Well, let's assume that the buggle is in the middle of a hall (so
there is no wall in front or behind). When we ask
isWallToLeft(), the buggle turns to the left and answers
true. Now when we ask it isWallToRight, the buggle
turns to the right and gives us what answer? Well, the buggle is now
facing it's original direction with no wall in front, so it tells us
false. Therefore, our method isInHallway()
also returns false (since true &&
false is false). In order
for our isInHallway() method to work, we need to have the buggle
figure out whether there are walls to its left and right without
changing its position.

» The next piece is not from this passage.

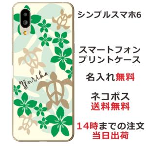 - シンプルスマホ6 ケース A201SH カバー らふら 名入れ ハワイアン グリーン ホヌ

It's not really possible to do so without
changing the buggle's position, but we can put the buggle back into
its original position before answering the question. So, the better
way to write isWallToLeft() and isWallToRight()
follows:
public boolean isWallToLeft ()
{
this.left();
boolean result = isFacingWall();
this.right(); // reset direction
return result;
}
public boolean isWallToRight ()
{
this.right();
boolean result = isFacingWall();
this.left(); // reset direction
return result;
} Notice that we had to save the result away in a variable rather than return the result of the test directly.
With the redefined methods
above, our isInHallway() method will now work
correctly.
Moral of the story: Methods that answer questions about the state of the environment should not change the state of the environment!